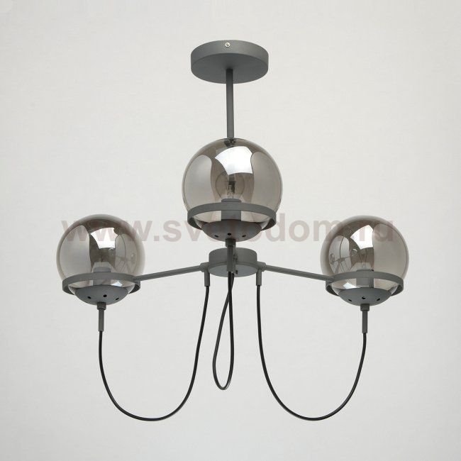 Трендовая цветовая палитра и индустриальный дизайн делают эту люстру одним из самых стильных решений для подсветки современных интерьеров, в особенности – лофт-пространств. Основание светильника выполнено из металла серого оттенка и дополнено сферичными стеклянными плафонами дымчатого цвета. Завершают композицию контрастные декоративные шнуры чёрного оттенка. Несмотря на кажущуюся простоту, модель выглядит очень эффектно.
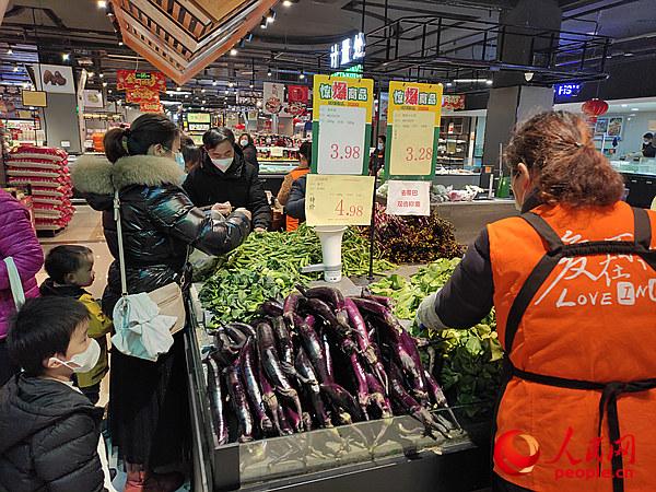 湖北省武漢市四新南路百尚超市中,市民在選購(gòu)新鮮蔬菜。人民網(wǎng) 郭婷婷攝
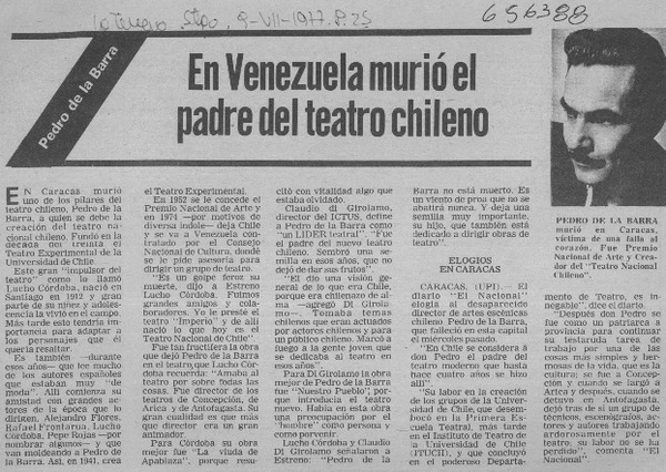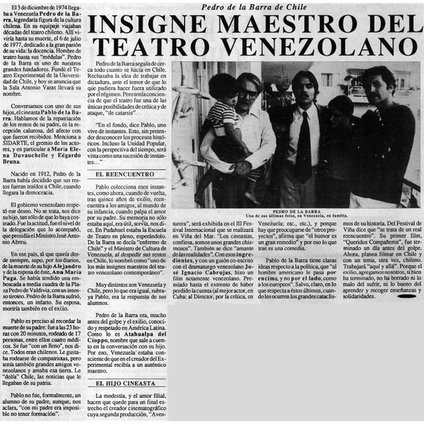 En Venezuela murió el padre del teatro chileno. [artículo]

^^^^^^^^

EXERCISE DETAILS — Where the line holding "湖北省武漢市四新南路百尚超市" appears, start copying, and continue exactly through the last line of the listing, both ends included, skipping the pictures.

RESPONSE BOX —
 湖北省武漢市四新南路百尚超市中,市民在選購(gòu)新鮮蔬菜。人民網(wǎng) 郭婷婷攝
 En Venezuela murió el padre del teatro chileno. [artículo]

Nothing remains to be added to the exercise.